How we added Intel SGX CPU flags to libvirt

Several months have passed since the article about Intel SGX implementation in our public cloud was published . During this time, the solution has been significantly improved. Basically, the improvements relate to the elimination of minor bugs and improvements for our own convenience.







There is, however, one point that I would like to talk about in more detail.






In the previous article, we wrote that as part of the implementation of SGX support, it was necessary to teach the Nova service to generate an XML file with the necessary settings for the guest domain. This problem turned out to be complex and interesting: while working on its solution, we had to understand in detail, using the libvirt example, how programs in general interact with instruction sets in x86 processors. There are very, very few detailed and most importantly - clearly written materials on this topic. We hope that our experience will be useful to everyone involved in virtualization. However, first things first.



First attempts



Let us repeat the formulation of the task once again: we needed to pass the SGX support parameters to the XML configuration file of the virtual machine. When we just started solving this problem, there was no SGX support in OpenStack and libvirt, respectively, it was impossible to transfer them to the XML of the virtual machine natively.
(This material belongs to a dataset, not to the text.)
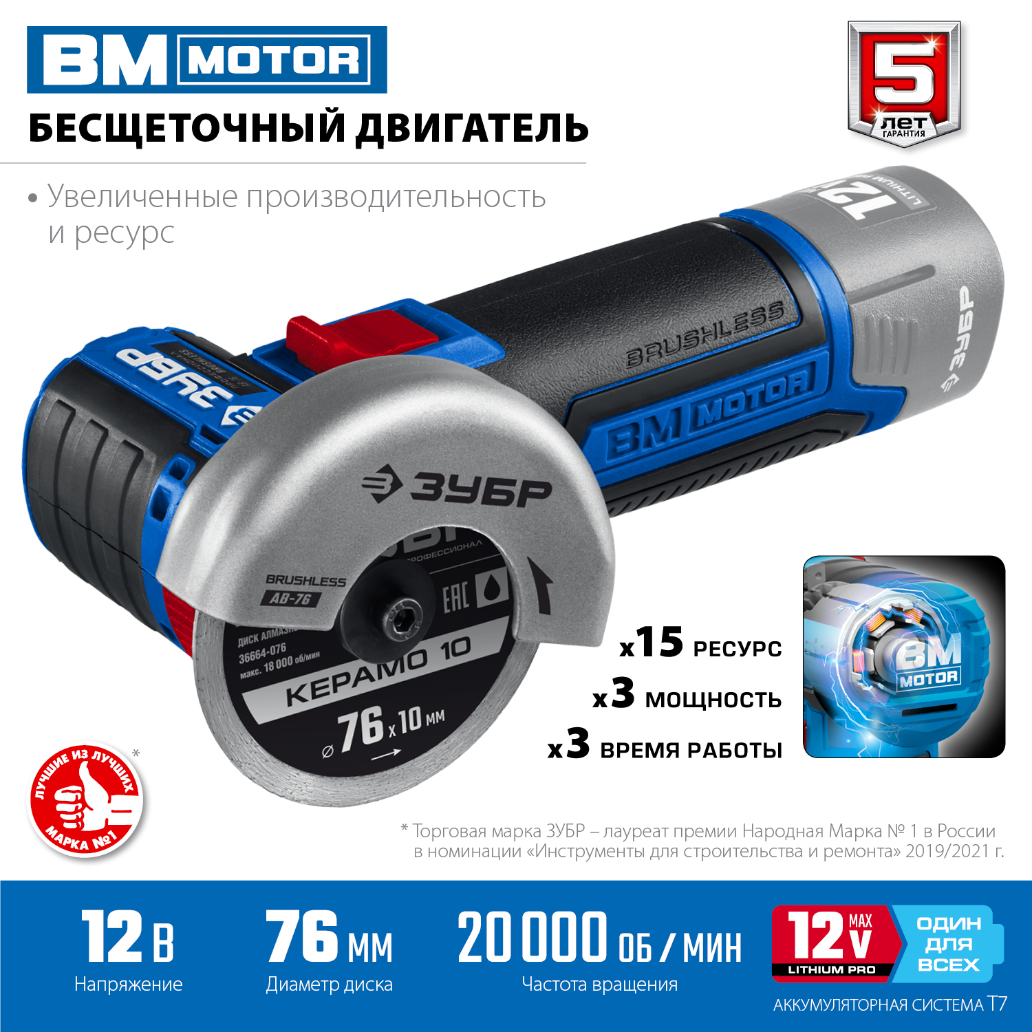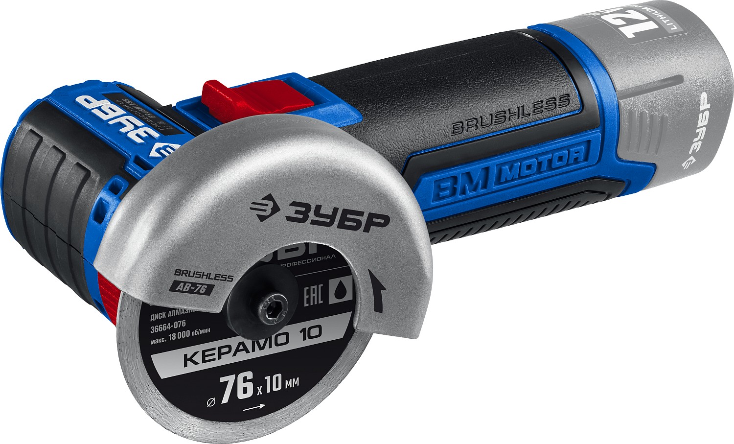 УШМ бесщеточная ЗУБР Т7, 12 В, d76 мм, без АКБ, Профессионал (AB-76)

We first tried to solve this problem by adding a Qemu command-line block to the script to connect to the hypervisor via libvirt, as described in the Intel developer guide :



<qemu:commandline>
     <qemu:arg value='-cpu'/>
     <qemu:arg value='host,+sgx,+sgxlc'/>
     <qemu:arg value='-object'/>
     <qemu:arg value='memory-backend-epc,id=mem1,size=''' + epc + '''M,prealloc'/>
     <qemu:arg value='-sgx-epc'/>
     <qemu:arg value='id=epc1,memdev=mem1'/>
</qemu:commandline>
      
      





But after that, a second processor option was added to the virtual machine:



[root@compute-sgx ~] cat /proc/$PID/cmdline |xargs -0 printf "%s\n" |awk '/cpu/ { getline x; print $0 RS x; }'
-cpu
Skylake-Client-IBRS
-cpu
host,+sgx,+sgxlc
      
      





The first option was set normally, and the second was added directly by us in the Qemu command-line block . This led to an inconvenience when choosing a processor emulation model: whichever processor model we substituted into cpu_model in the configuration file of the Nova compute node, we saw the display of the host processor in the virtual machine.
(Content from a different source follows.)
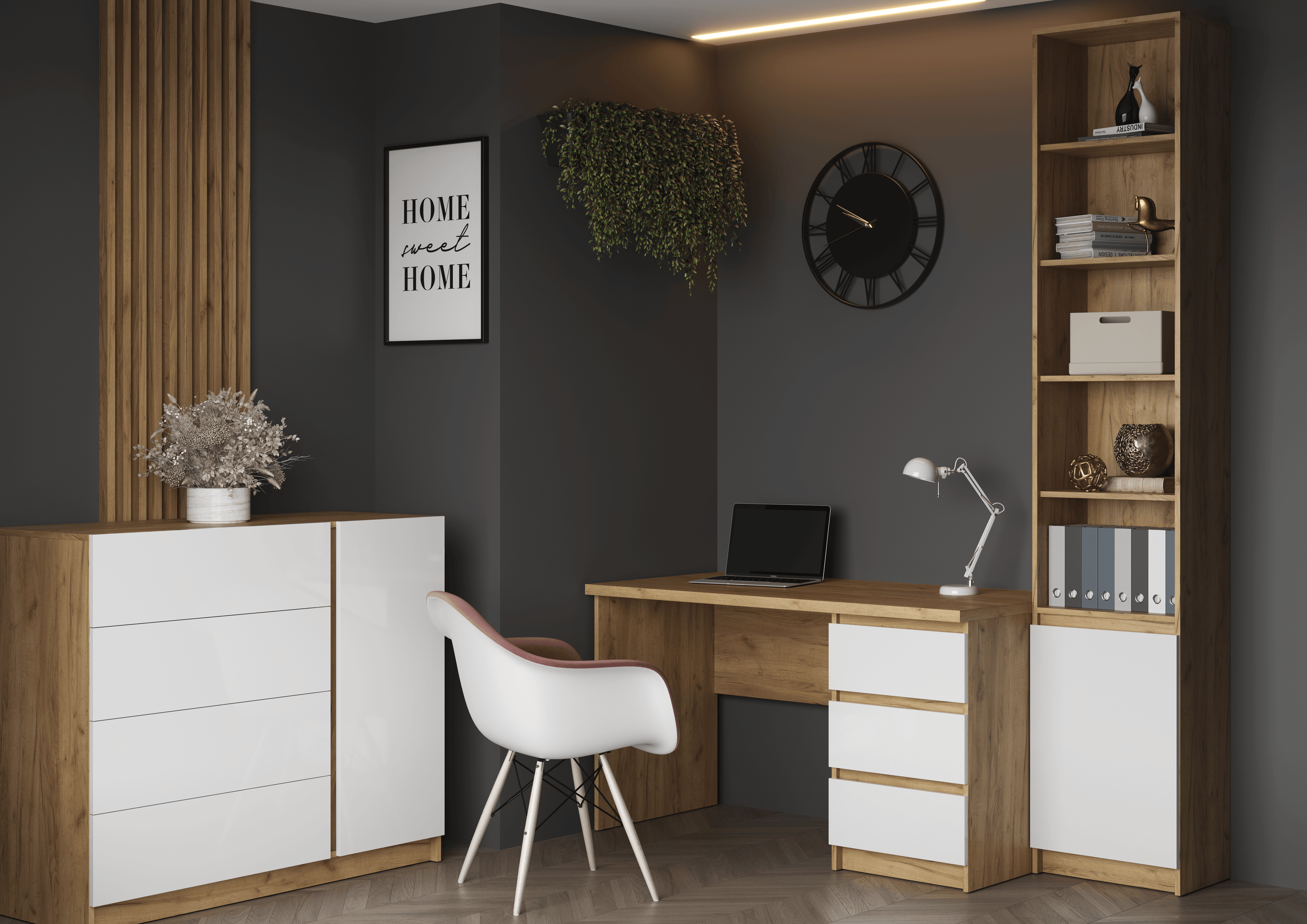 Бостон стол письменный Дуб Крафт золотой/Белый глянец

How to solve this problem?



In search of an answer, we first tried experimenting with the line < qemu: arg value = 'host, + sgx, + sgxlc'/> and try to transfer the processor model to it, but this did not cancel the duplication of this option after the VM was started. Then it was decided to use libvirt to assign CPU flags and control them through the Nov'y configuration file of the computational node using the cpu_model_extra_flags parameter .



The task turned out to be more difficult than we expected: we needed to study the Intel IA-32 - CPUID instruction, as well as find information on the required registers and bits in the Intel documentation on SGX.



Further search: digging deeper into libvirt



The developer documentation for the Nova service states that the CPU flag mapping must be supported by libvirt itself.



We found a file that describes all the CPU flags - this is x86_features.xml (relevant since libvirt 4.7.0). After reviewing this file, we assumed (as it turned out later, erroneously) that we only need to get the hex addresses of the required registers in the 7th sheet using the cpuid utility. From the Intel documentation, we learned in which registers the instructions we need are called: sgx is in the EBX register, and sgxlc is in the ECX.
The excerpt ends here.